Data pipeline with PySpark and AWS

Share on facebook
Share on twitter
Share on linkedin
Share on telegram
Share on whatsapp


This article was published as part of the Data Science Blogathon


Apache Spark is a framework used in cluster computing environments to analyze big data. Apache Spark can work in a distributed environment on a group of computers in a cluster to more effectively process large data sets. This open source Spark engine supports a wide range of programming languages, including Scala, Java, R y Python.

In this article, I will show you how to start installing Pyspark on your Ubuntu machine and then build a basic ETL pipeline to extract transfer load data from a remote RDBMS system to a AWS S3 Bucket.

This ETL architecture can be used to transfer hundreds of Gigabytes of data from any RDBMS database server. (in this article we have used MS SQL Server) has an Amazon S3 bucket.

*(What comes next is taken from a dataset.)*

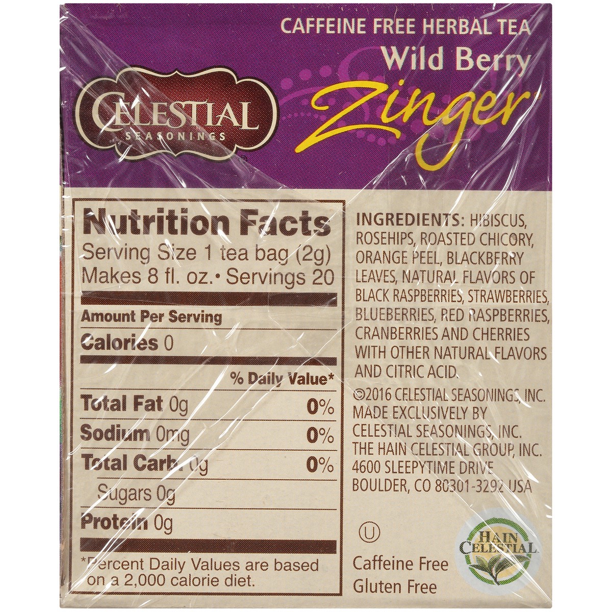 Celestial Seasonings Herbal Tea Caffeine Free Wild Berry Zinger- 20 ct

Key benefits of using Apache Spark:

  • Run workloads 100 times faster than Hadoop
  • Java compatible, Scala, Python, R y SQL

Source: This is an original image.


To start, we must have the following prerequisites:

  • A system running Ubuntu 18.04 o Ubuntu 20.04
  • A user account with sudo privileges
  • An AWS account with upload access to the S3 bucket

Before downloading and configuring Spark, you must install the necessary package dependencies. Make sure the following packages are already configured on your system.

To confirm the installed dependencies by running these commands:

java -version; git --version; python --version

Install PySpark

Download the version of Spark you want from the official Apache website. We will download Spark 3.0.3 con Hadoop 2.7 since it is the current version. Then, use wget command and direct url to download Spark package.

Change your working directory to / opt / spark.

cd /opt/spark
sudo wget 

Extract the saved package using the tar command. Once the spreading process is complete, the output shows the files that have been unzipped from the archive.

tar xvf spark-*
ls -lrt spark-*

Set up the Spark environment

Before starting a Spark server, we need to set some environment variables. There are some Spark directories that we need to add to the default profile. Use the vi editor or any other editor to add these three lines to .profile:

vi ~ / .profile

Insert these 3 lines at the end of the .profile file.

export SPARK_HOME=/opt/spark 
export PYSPARK_PYTHON=/usr/bin/python3

Save the changes and exit the editor. When you finish editing the file, load the .profile file on the command line by typing. Alternatively, we can exit the server and log back in for the changes to take effect.

source ~/.profile

Start / Stop Spark Master & Worker

Go to the Spark installation directory / opt / spark / spark *. It has all the necessary scripts to start / stop Spark services.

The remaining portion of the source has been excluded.